## What you need to do
Print the data below again in full, exactly as it stands, with no images.

## Collected material
- - -

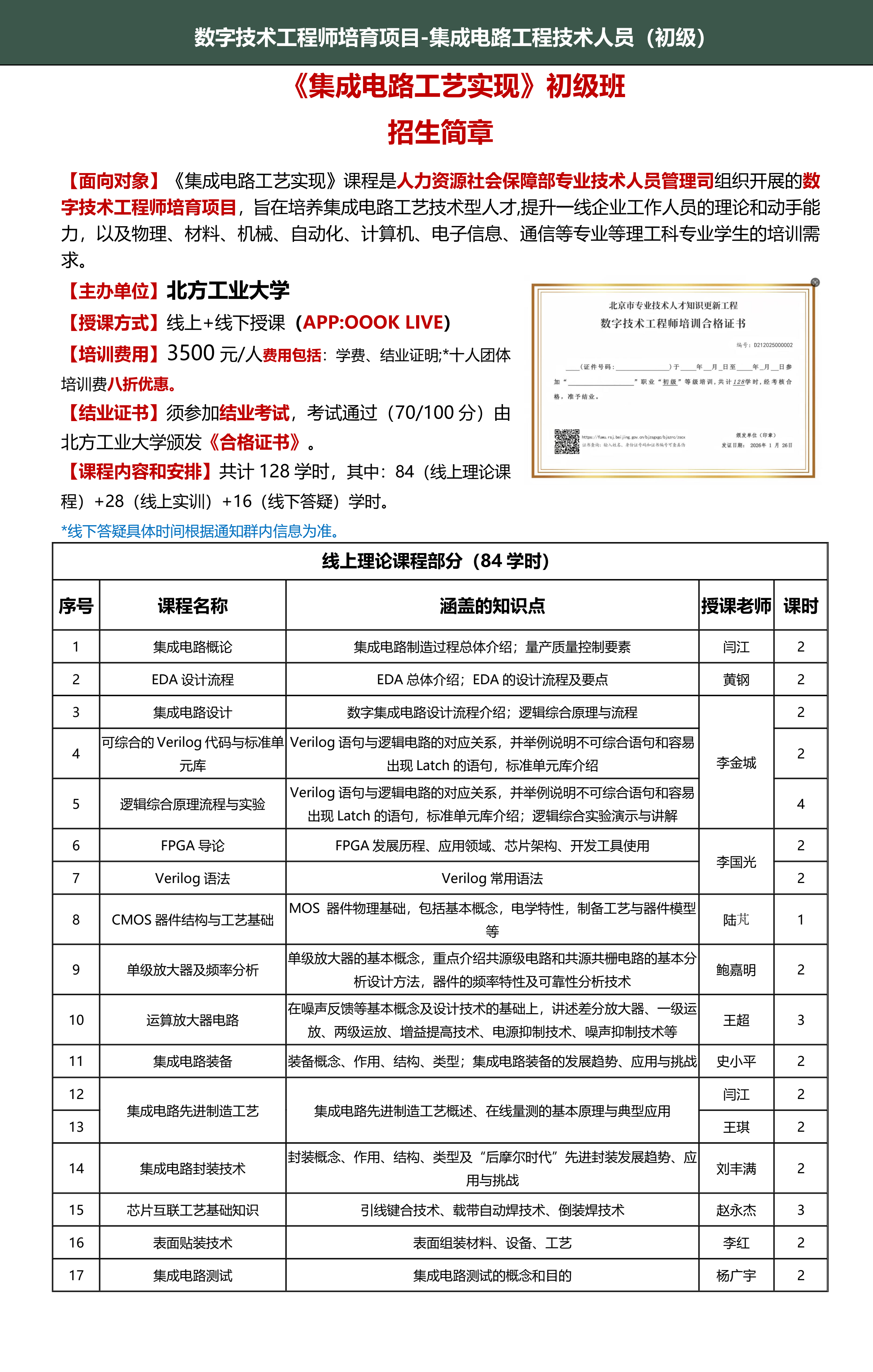 《集成电路工艺实现》初级班招生简章
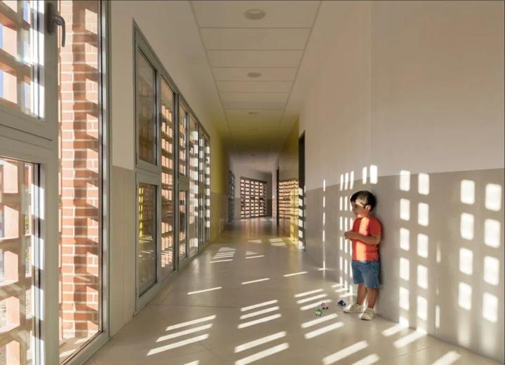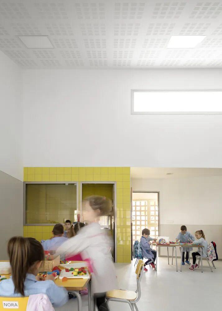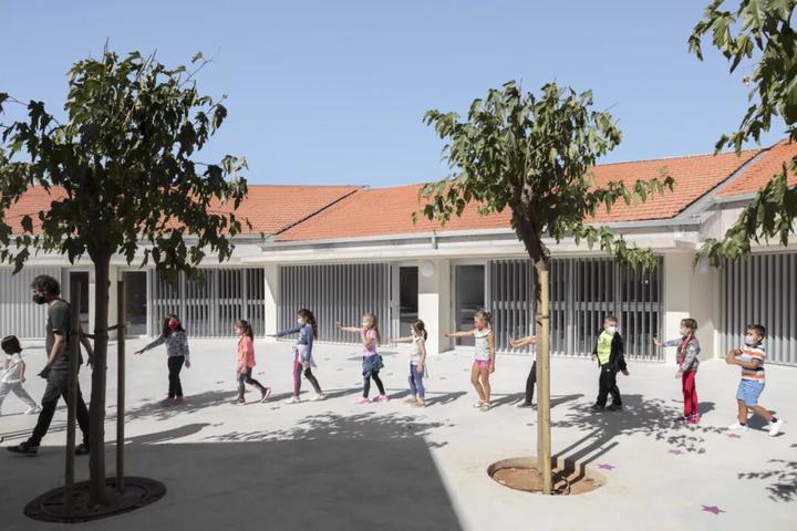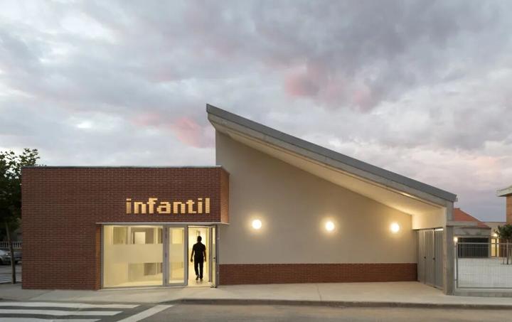 这座位于西班牙的儿童学校是为3-6岁的孩子设计的,建筑仅有一层,包括教师、操场、食堂、办公室和公共服务设施等。在项目开始之前,设计团队对儿童的意识行为进行了分析,根据分析数据来划分空间,这在建筑的外部形态中也有所体现。
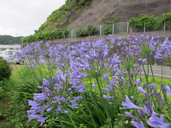 - 西伊豆町との境に位置する外部海岸の園地では、アガパンサスが盛りを迎えきれいに咲いています。
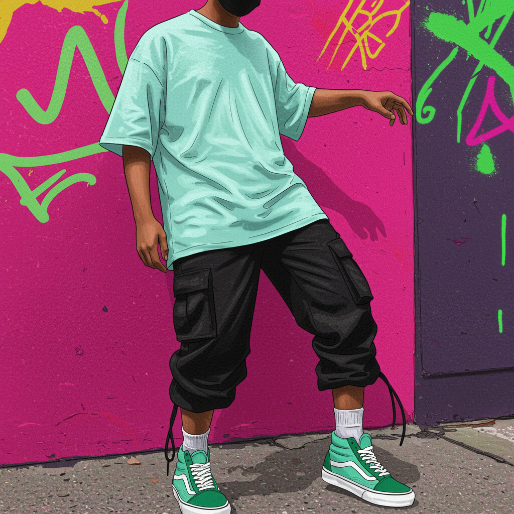 A creatively illustrated artwork of a full-body man dressed in a pastel mint green oversized T-shirt paired with black capri cargo pants, and vibrant green Vans old-school sneakers. The scene blends into a vividly colored digital canvas featuring bold outlines and an explosion of bright pink, neon green, and magenta hues. The man's positioning is playful and interactive with the vibrant wall that serves as a dynamic backdrop. The art includes a whimsical, cartoonish style with a touch of humor and fun, adding an element of light-heartedness and youthful energy to the composition while maintaining the core theme.

- - -

## Answer below
 《集成电路工艺实现》初级班招生简章
 这座位于西班牙的儿童学校是为3-6岁的孩子设计的,建筑仅有一层,包括教师、操场、食堂、办公室和公共服务设施等。在项目开始之前,设计团队对儿童的意识行为进行了分析,根据分析数据来划分空间,这在建筑的外部形态中也有所体现。
 - 西伊豆町との境に位置する外部海岸の園地では、アガパンサスが盛りを迎えきれいに咲いています。
 A creatively illustrated artwork of a full-body man dressed in a pastel mint green oversized T-shirt paired with black capri cargo pants, and vibrant green Vans old-school sneakers. The scene blends into a vividly colored digital canvas featuring bold outlines and an explosion of bright pink, neon green, and magenta hues. The man's positioning is playful and interactive with the vibrant wall that serves as a dynamic backdrop. The art includes a whimsical, cartoonish style with a touch of humor and fun, adding an element of light-heartedness and youthful energy to the composition while maintaining the core theme.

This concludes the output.